Gelecekte yazabilirim tabii. Mor Tecavüz’ün kahramanlarından biri Kuvayı Milliyeci. Bağımsızlık için mücadele ediyor, zindana düşüyor. Romanda kadın kahramanı dengeleyici unsur olarak kullanılmıştı. Son romanda erkek dünyasını pop starı olmayı düşünen Ali dengeliyor.
Son olarak yeni projelerden bahsedelim isterseniz.
İki film projesi üzerinde çalışmaya devam ediyorum. Mine Söğüt’ün ‘Beş Sevim Apartmanı’nı sinemaya uyarlayacağız. Promete film yapımcılığını üstlenecek. Uzun zamandır gerçekleştirmeye çalıştığım ‘Roj’un Sonbaharı’ için görüşmeler sürüyor.
DÖRT BELGESEL, ÜÇ ROMANHandan Öztürk, İstanbul Üniversitesi Basın Yayın Yüksekokulu mezunu. Bir süre gazetecilik yaptıktan sonra İsviçre’ye gitti.

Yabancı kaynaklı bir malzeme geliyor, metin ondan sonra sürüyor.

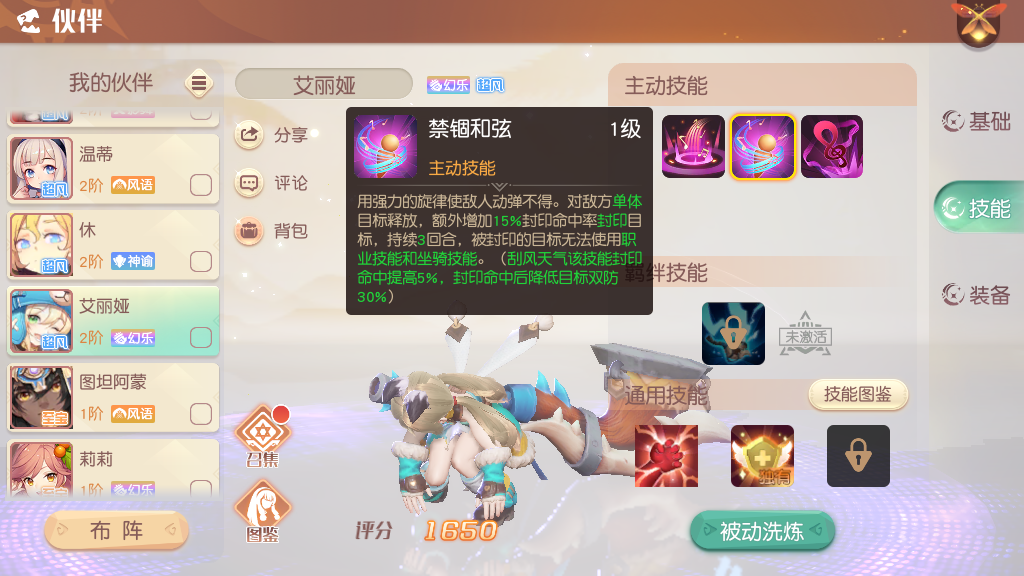 在第一回合战斗开始的时候,就需要使用好幻乐的禁锢和弦技能,该技能有15%的概率让敌人进入到紧固状态,并且效果持续三个回合。为了提高稻草人被紧固的概率,所以玩家队伍当中需要同时存在两名幻乐。只要在第一回合成功的将稻草人禁锢住。那么其他的角色就可以尽情的进行输出了。

Radyo programcılığı, sunuculuğu yaptı. Türkiye’ye döndükten sonra Haremin Büyüsü, Anadolu’nun Ana Tanrıçaları, Bir Doğu Masalı, Türk Dansları belgesellerini çekti. Film ve TV dizilerinin senaryolarını yazdı. Özel bir radyoda yöneticilik yaptı. İlk romanı Yalnız Bebekler 1996’da İletişim Yayınları, ikinci romanı Mor Tecavüz 1996’da Gala Yayıncılık’tan yayımlandı.